═══ RECORDS FOR PROCESSING

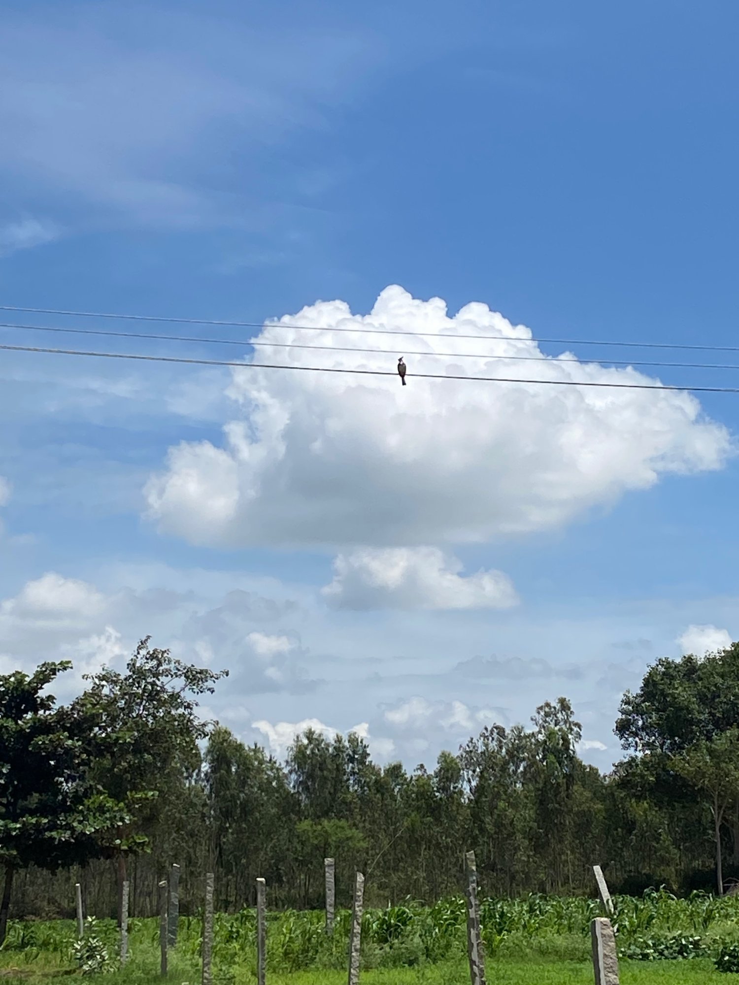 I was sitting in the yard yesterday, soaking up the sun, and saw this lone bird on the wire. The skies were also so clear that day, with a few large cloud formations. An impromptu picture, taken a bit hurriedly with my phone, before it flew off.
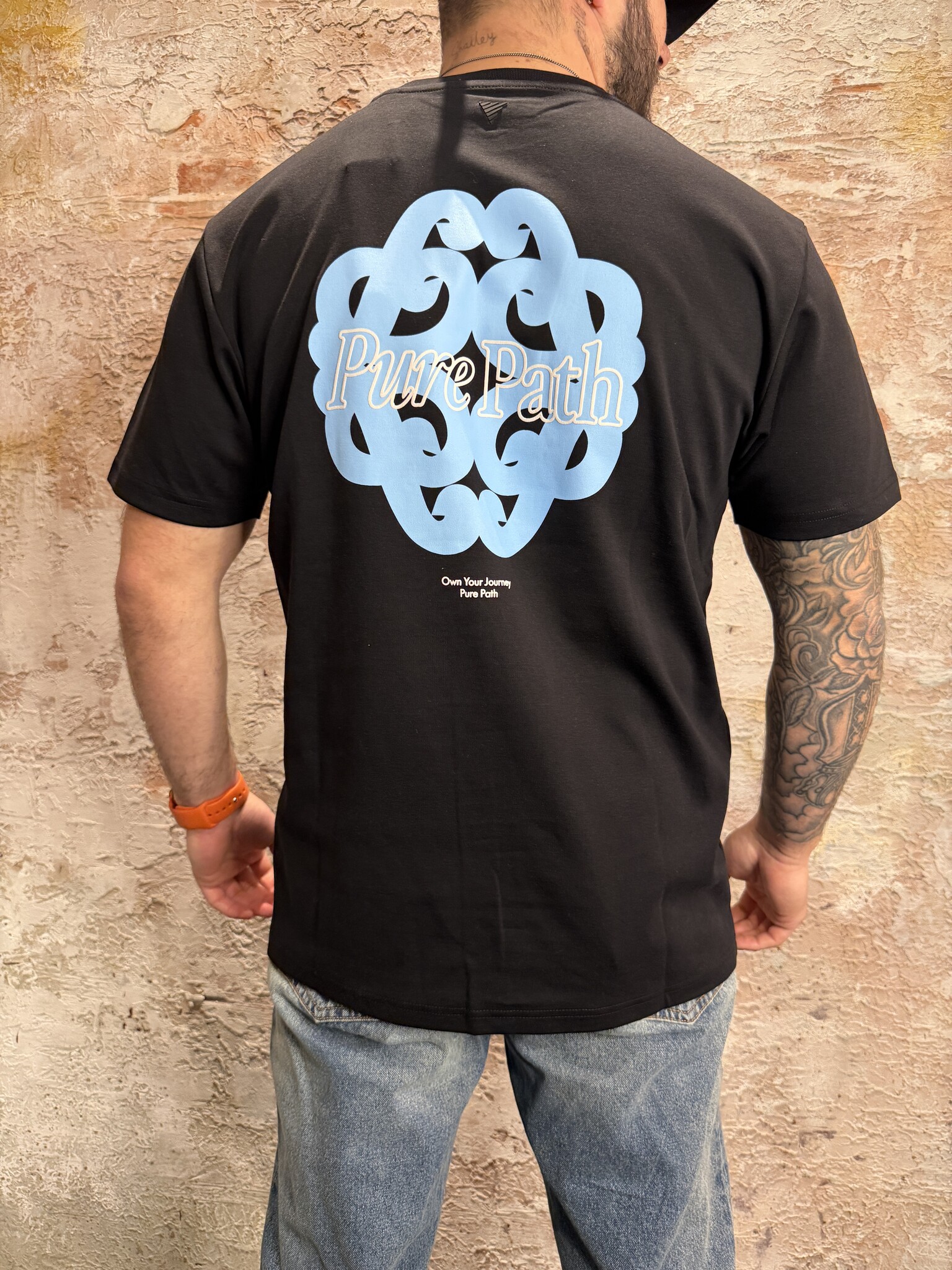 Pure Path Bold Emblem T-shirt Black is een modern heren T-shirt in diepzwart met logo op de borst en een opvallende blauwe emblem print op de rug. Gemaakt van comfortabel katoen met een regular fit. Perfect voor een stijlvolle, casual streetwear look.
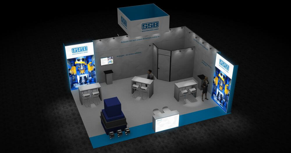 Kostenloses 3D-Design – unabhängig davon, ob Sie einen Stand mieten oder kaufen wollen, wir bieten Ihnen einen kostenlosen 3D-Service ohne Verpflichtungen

══════
═══ RECORDS FOR PROCESSING

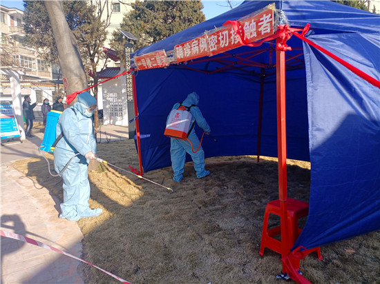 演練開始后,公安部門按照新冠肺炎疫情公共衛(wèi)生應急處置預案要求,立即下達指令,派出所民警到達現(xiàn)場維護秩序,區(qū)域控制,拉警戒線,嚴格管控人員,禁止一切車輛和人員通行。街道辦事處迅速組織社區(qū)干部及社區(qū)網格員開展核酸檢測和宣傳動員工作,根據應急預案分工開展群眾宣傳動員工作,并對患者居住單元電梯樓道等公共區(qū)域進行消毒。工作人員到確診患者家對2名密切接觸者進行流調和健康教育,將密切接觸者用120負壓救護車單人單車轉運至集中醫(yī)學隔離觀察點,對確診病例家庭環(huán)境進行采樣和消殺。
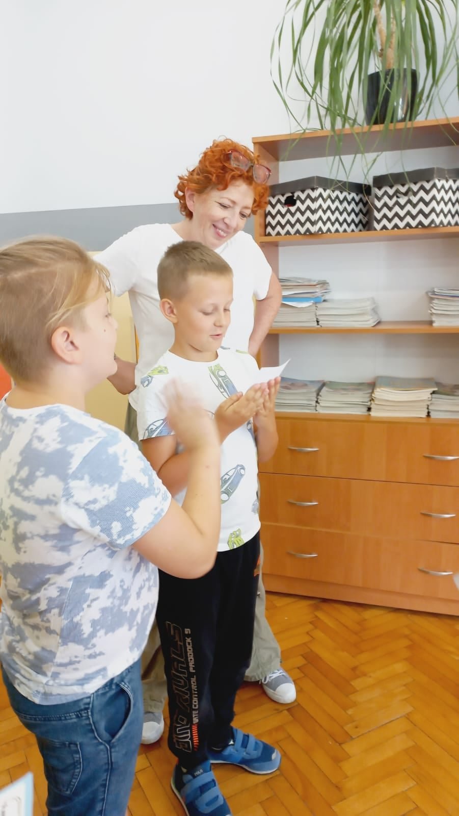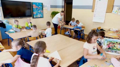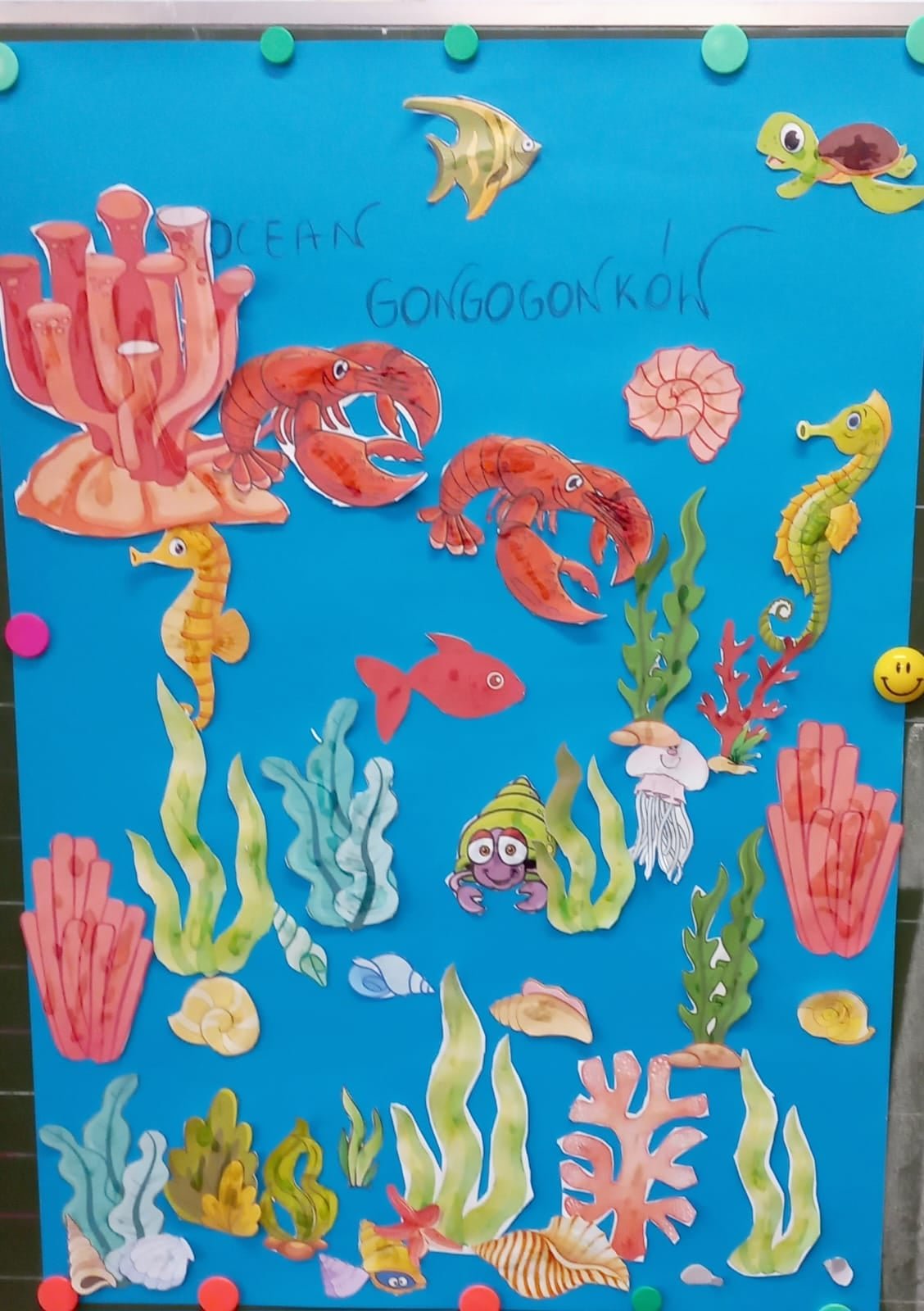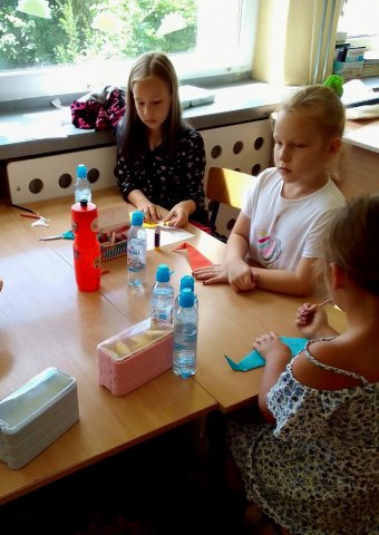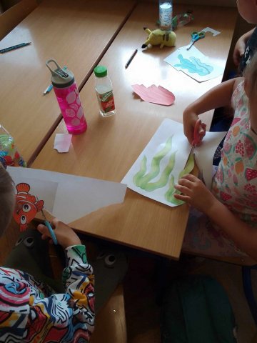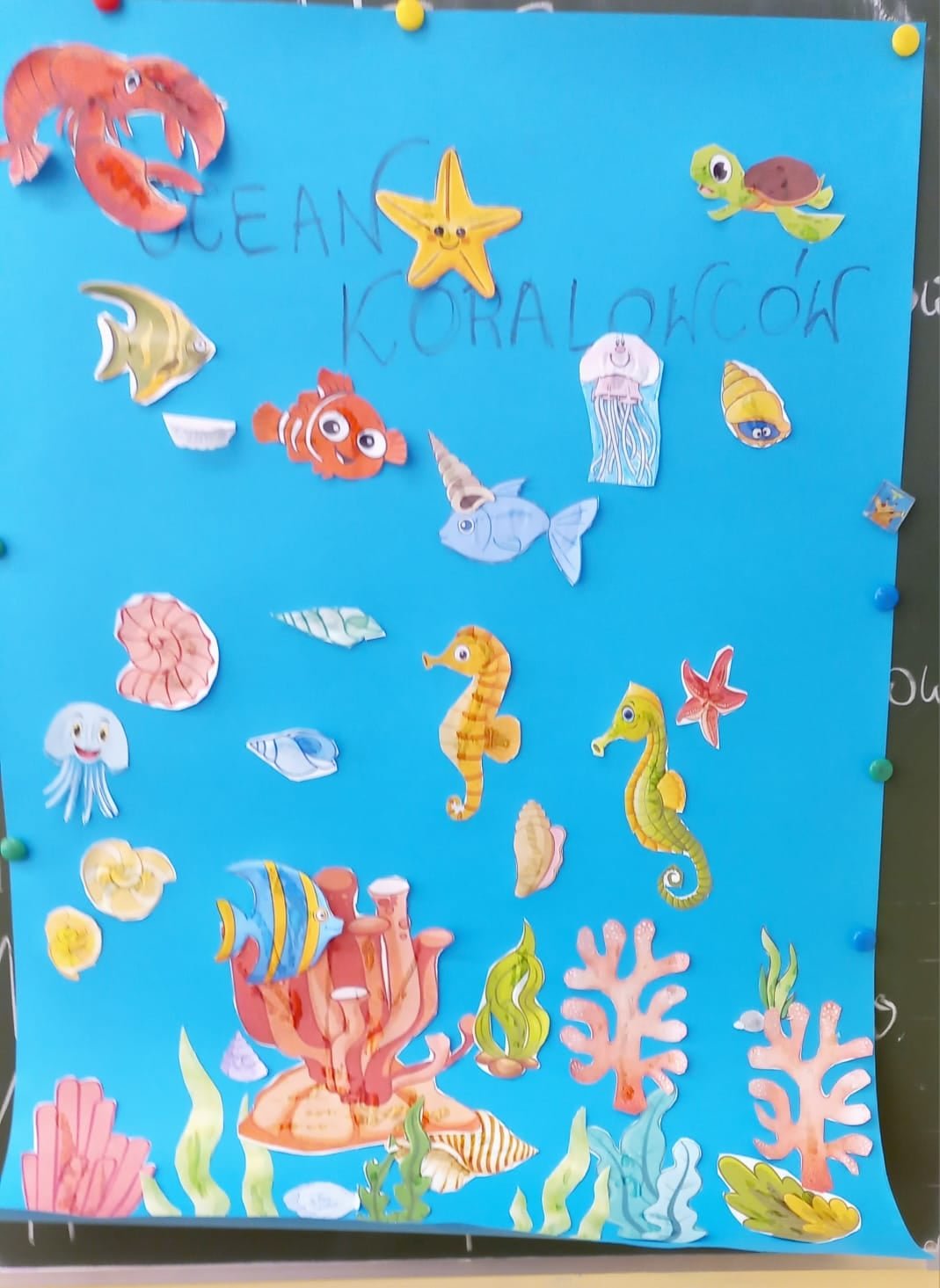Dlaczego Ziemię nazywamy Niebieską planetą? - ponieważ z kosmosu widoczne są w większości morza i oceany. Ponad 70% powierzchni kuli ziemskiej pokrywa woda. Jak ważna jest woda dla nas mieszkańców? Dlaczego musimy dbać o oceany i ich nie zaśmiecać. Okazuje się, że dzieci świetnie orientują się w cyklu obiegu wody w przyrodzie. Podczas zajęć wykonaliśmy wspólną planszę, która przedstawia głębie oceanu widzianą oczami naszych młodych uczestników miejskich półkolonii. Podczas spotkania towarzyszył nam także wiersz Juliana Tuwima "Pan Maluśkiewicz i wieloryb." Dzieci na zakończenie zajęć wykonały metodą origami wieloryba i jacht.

══════

» TASK DESCRIPTION
Working from the records above, set down word for word everything from the line containing "演練開始后,公安部門按照新冠" down to the line containing "Dlaczego Ziemię nazywamy", ends included, minus the pictures.

» TASK RESULT
 演練開始后,公安部門按照新冠肺炎疫情公共衛(wèi)生應急處置預案要求,立即下達指令,派出所民警到達現(xiàn)場維護秩序,區(qū)域控制,拉警戒線,嚴格管控人員,禁止一切車輛和人員通行。街道辦事處迅速組織社區(qū)干部及社區(qū)網格員開展核酸檢測和宣傳動員工作,根據應急預案分工開展群眾宣傳動員工作,并對患者居住單元電梯樓道等公共區(qū)域進行消毒。工作人員到確診患者家對2名密切接觸者進行流調和健康教育,將密切接觸者用120負壓救護車單人單車轉運至集中醫(yī)學隔離觀察點,對確診病例家庭環(huán)境進行采樣和消殺。
Dlaczego Ziemię nazywamy Niebieską planetą? - ponieważ z kosmosu widoczne są w większości morza i oceany. Ponad 70% powierzchni kuli ziemskiej pokrywa woda. Jak ważna jest woda dla nas mieszkańców? Dlaczego musimy dbać o oceany i ich nie zaśmiecać. Okazuje się, że dzieci świetnie orientują się w cyklu obiegu wody w przyrodzie. Podczas zajęć wykonaliśmy wspólną planszę, która przedstawia głębie oceanu widzianą oczami naszych młodych uczestników miejskich półkolonii. Podczas spotkania towarzyszył nam także wiersz Juliana Tuwima "Pan Maluśkiewicz i wieloryb." Dzieci na zakończenie zajęć wykonały metodą origami wieloryba i jacht.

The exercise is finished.